#### ENTRIES SHOWN:

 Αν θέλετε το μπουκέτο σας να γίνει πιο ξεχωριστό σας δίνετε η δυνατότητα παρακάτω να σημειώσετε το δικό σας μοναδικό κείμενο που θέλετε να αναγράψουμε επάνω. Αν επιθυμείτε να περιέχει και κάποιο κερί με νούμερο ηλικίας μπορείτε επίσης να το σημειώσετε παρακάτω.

--

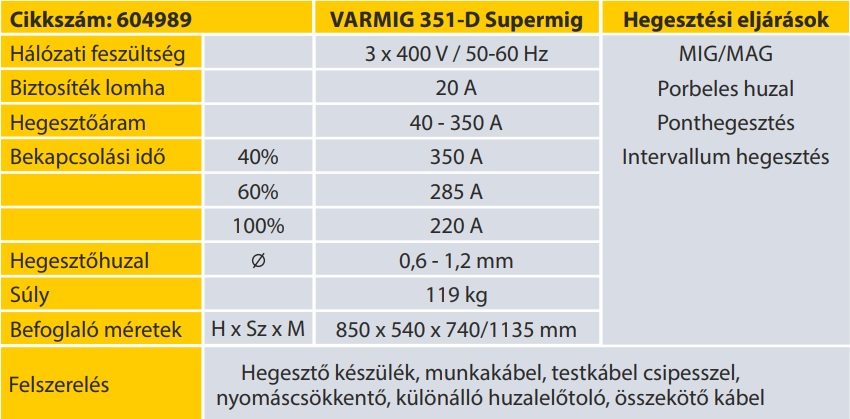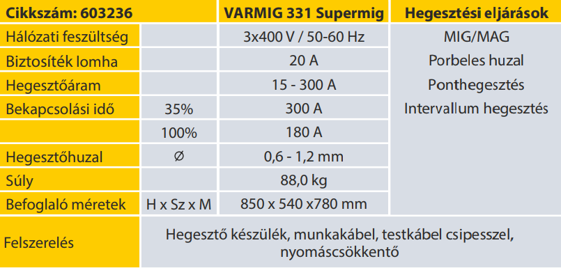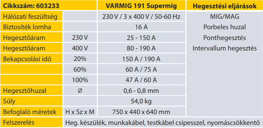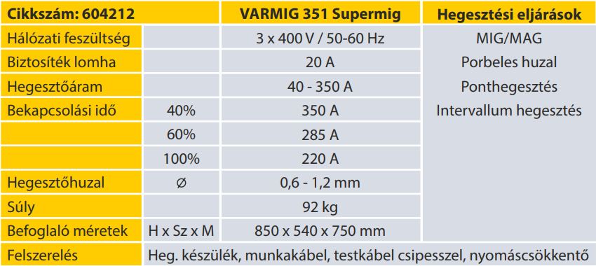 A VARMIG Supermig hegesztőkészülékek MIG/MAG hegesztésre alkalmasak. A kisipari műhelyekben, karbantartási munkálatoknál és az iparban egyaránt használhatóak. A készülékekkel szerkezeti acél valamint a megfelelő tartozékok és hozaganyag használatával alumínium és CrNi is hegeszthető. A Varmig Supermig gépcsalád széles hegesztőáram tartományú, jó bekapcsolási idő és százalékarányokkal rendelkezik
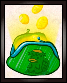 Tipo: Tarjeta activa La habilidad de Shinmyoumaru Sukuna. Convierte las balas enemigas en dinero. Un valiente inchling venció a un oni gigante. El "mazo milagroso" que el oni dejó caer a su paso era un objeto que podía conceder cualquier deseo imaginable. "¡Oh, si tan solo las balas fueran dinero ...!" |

==

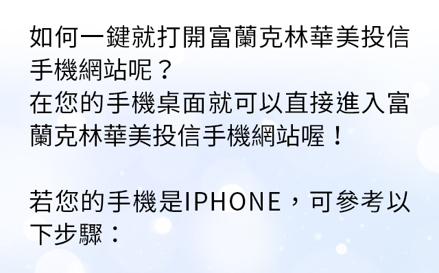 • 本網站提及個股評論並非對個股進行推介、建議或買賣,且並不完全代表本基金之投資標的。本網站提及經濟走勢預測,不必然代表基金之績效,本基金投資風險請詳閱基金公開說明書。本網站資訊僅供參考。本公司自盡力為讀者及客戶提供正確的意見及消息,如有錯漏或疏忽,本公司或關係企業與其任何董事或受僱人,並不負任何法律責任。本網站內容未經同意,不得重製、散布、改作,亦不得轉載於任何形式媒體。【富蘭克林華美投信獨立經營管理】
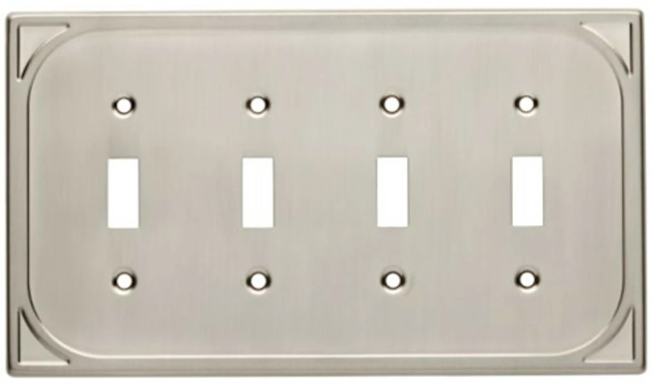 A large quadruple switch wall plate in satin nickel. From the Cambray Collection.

#### WHAT NEEDS TO BE DONE:
Repeat exactly the lines above, beginning at the one containing "A VARMIG Supermig hegesztőkészülékek" and ending at the one containing "Tipo: Tarjeta activa". Do not carry over any pictures.

#### SOLUTION TO THE PROBLEM:
 A VARMIG Supermig hegesztőkészülékek MIG/MAG hegesztésre alkalmasak. A kisipari műhelyekben, karbantartási munkálatoknál és az iparban egyaránt használhatóak. A készülékekkel szerkezeti acél valamint a megfelelő tartozékok és hozaganyag használatával alumínium és CrNi is hegeszthető. A Varmig Supermig gépcsalád széles hegesztőáram tartományú, jó bekapcsolási idő és százalékarányokkal rendelkezik
 Tipo: Tarjeta activa La habilidad de Shinmyoumaru Sukuna. Convierte las balas enemigas en dinero. Un valiente inchling venció a un oni gigante. El "mazo milagroso" que el oni dejó caer a su paso era un objeto que podía conceder cualquier deseo imaginable. "¡Oh, si tan solo las balas fueran dinero ...!" |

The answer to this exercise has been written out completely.